Normal aging brings diminished performance on many cognitive tasks. However, some recent studies suggest that visual short-term recognition memory is preserved (Sekuler et al., 2005). To test the boundaries of such preservation, we exploited direct-matching recall, which is sensitive to subtle imperfections in visual memory (Huang & Sekuler, 2010). In this task, subjects adjust one stimulus to match the remembered characteristics of another.

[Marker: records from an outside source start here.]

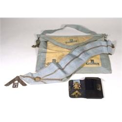 Leather cased silver and enamel printer's Masonic medal no. 5593 and a turquoise and cream cloth Masonic apron with silver badges, presented to Wbro. John W. Hunt, Johann Gutemburg Lodge no. 5593
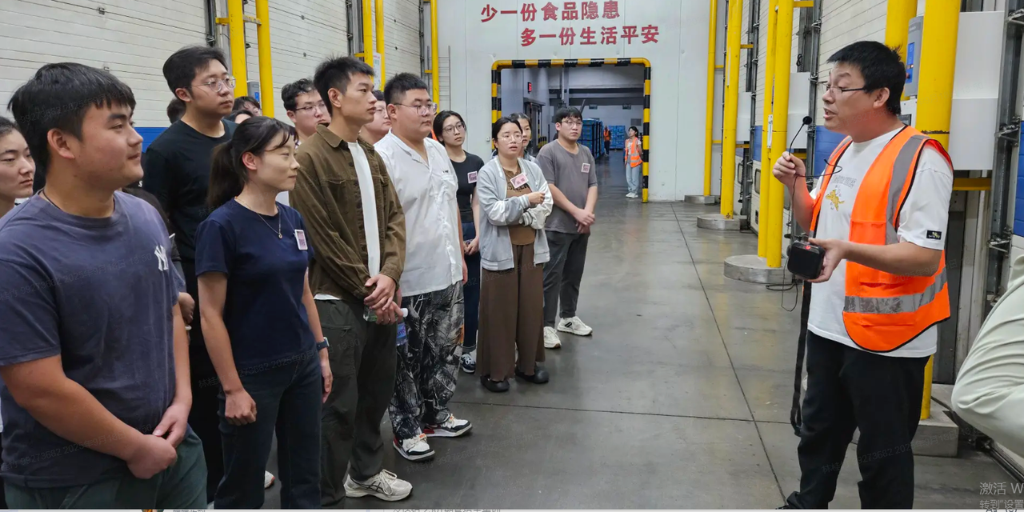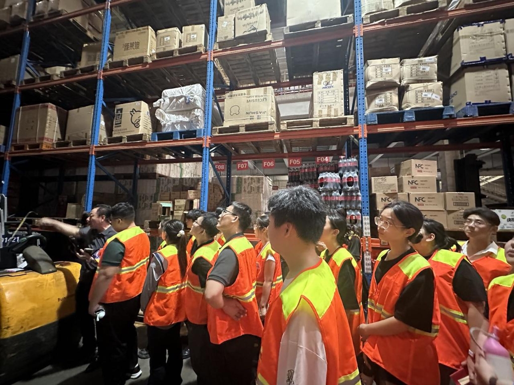 常温物流中心内,大家手持 RF 枪实操 “收货 - 拣货 - 出库” 全流程;中央配餐中心里,从生产工艺的标准化操作,到商品陈列与销售标准的学习;宋村生鲜物流园展现了生鲜 “分区存储-催熟车间 - 冷链配送” ;荣成工业园则呈现了从植物油从油库到灌装出库的流程,让管培生们深刻体会到集团供应链的强大。
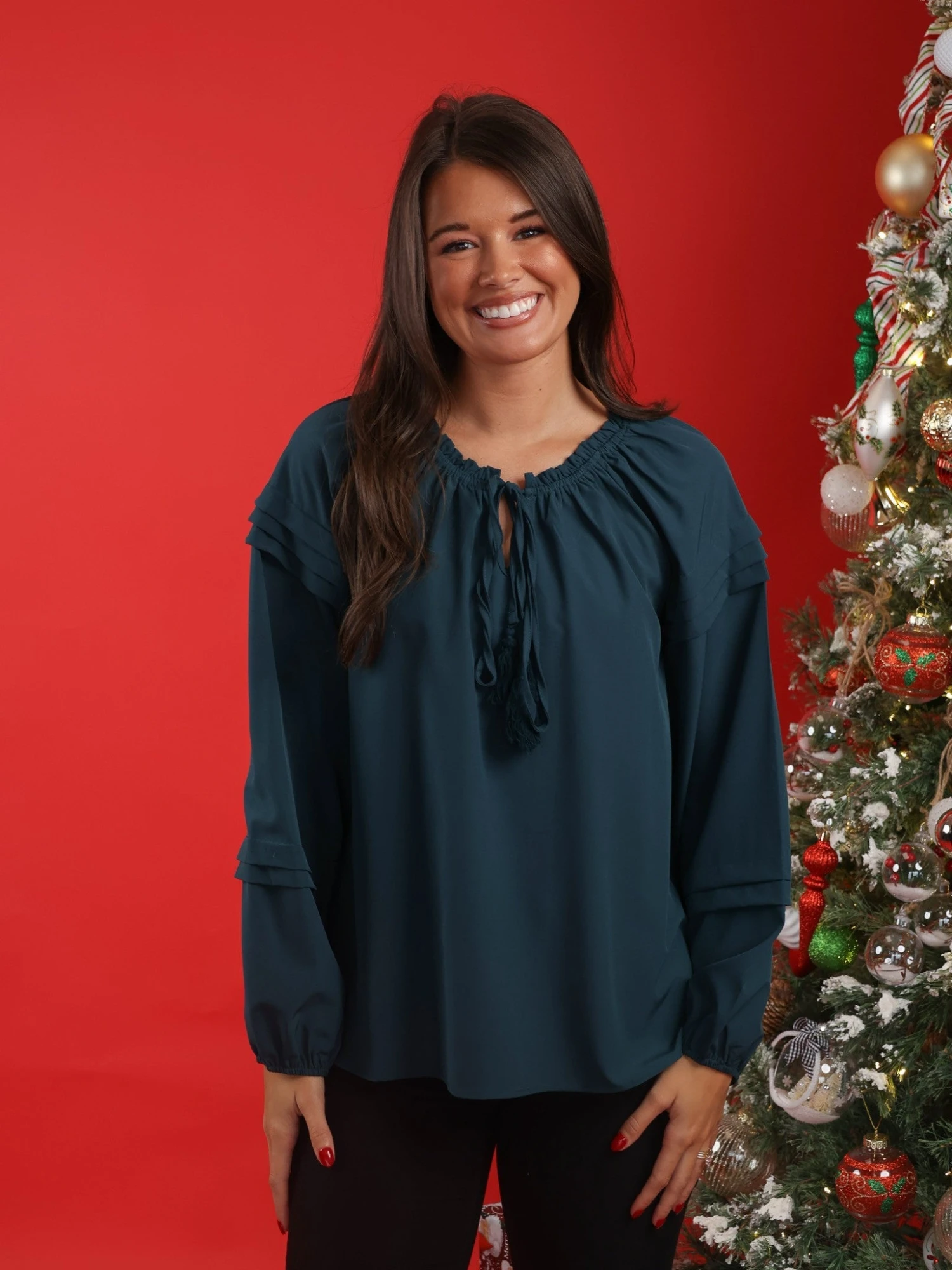 Whether you’re heading to a special event, updating your professional wardrobe, or simply just elevating your everyday style, this top is your go-to choice!
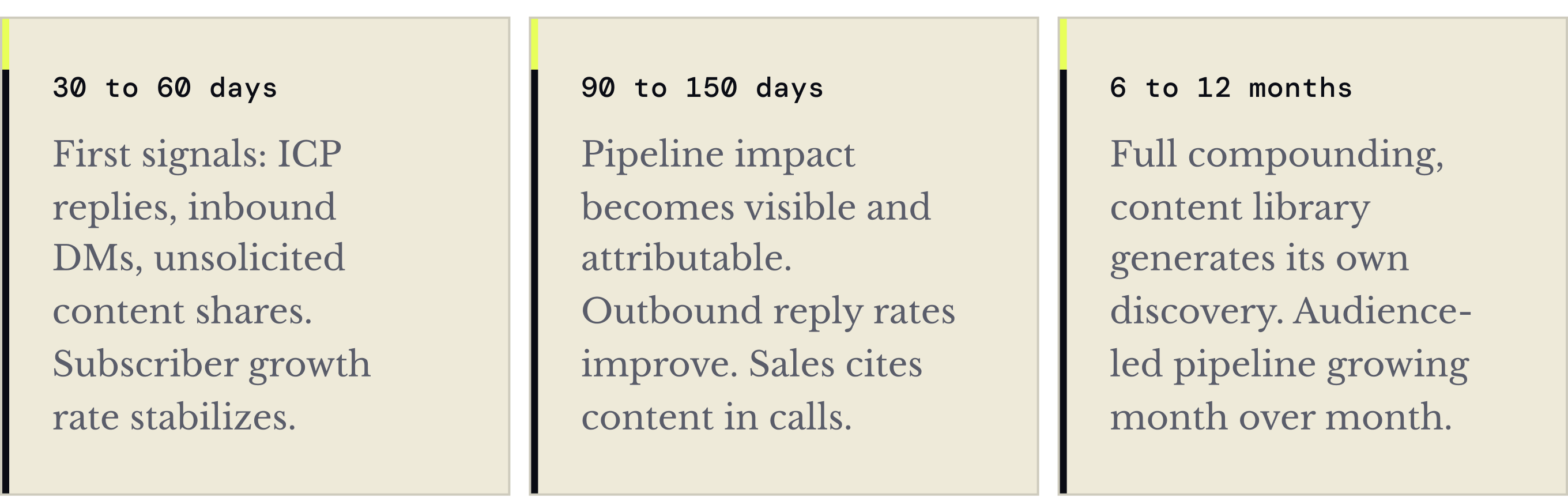Once the first three are working, outbound reaches people who already recognize the name. Sales conversations start with credibility already in the room. You areno longer paying to introduce yourself.
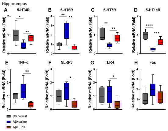 To determine whether EPO affects the serotonergic neuron system and neuroinflammation at the mRNA level, we performed a quantitative real-time PCR (qRT-PCR). Among the serotonin receptor genes known to be associated with AD in mouse hippocampus, 5-HT4, 5-HT6, 5-HT7, and 5-HT1a receptors were selected for the experiment. The agonists of 5-HT4R and 5-HT7R and the antagonist of 5-HT6R have been reportedly beneficial in AD []. Similarly, in this study, the mRNA levels of 5-HT4R and 5-HT7R in the Aβ+EPO group were upregulated but the Aβ+saline group (p < 0.01) showed downregulation of these receptors on AD induction (p < 0.05) (Figure 4A,C). Moreover, EPO-treated mice downregulated the 5-HT6R expression level, which was upregulated in the Aβ+saline group (p < 0.01) (Figure 4B). Receptor 5-HT1aR, also reported to be associated with neurogenesis, significantly decreased in Aβ+Saline mice and increased in Aβ+EPO injected mice (p < 0.0001) (Figure 4D).

Methods. On each trial, subjects saw two Gabors (each 500 msec) presented in rapid succession. Subjects reproduced the remembered spatial frequency of either the first or the second Gabor. We manipulated the usefulness of attentional selectivity by presenting a cue either before both stimuli (pre-cue) or after (post-cue) in a block design. The cue specified which Gabor, first or second, subjects should match. The presentation of a pre-cue made one upcoming stimulus task-irrelevant, enabling subjects to encode and store only the other stimulus. Subjects were 10 younger (18–24 years, M = 22.1) and 10 older (62–76 years, M = 68.5) adults.

Results. (1) Older subjects' accuracy in memory-based matches was equal to that of the younger subjects. (2) The two groups of subjects showed substantial and equal improvement in accuracy when a pre-cue allowed them to selectively attend to just one of the two stimuli. (3) Subjects in both age groups exhibited a Prototype effect: reproduced frequencies were shifted toward the prototypical value of stimuli seen on previous trials. (4) This Prototype effect gained strength when subjects had to encode and remember two, not one stimulus. This last result is consistent with the hypothesis that the Prototype effect reflects an adaptive augmentation of an imprecise memory.

Short-term recall is preserved with aging, as are the benefits gained from selective visual attention. Both outcomes suggest the importance of compensatory changes in cortical circuitry (McIntosh et al., 1999).

Supported by MH-068404, the Canada Research Chair program and the Canadian Institutes of Health Research.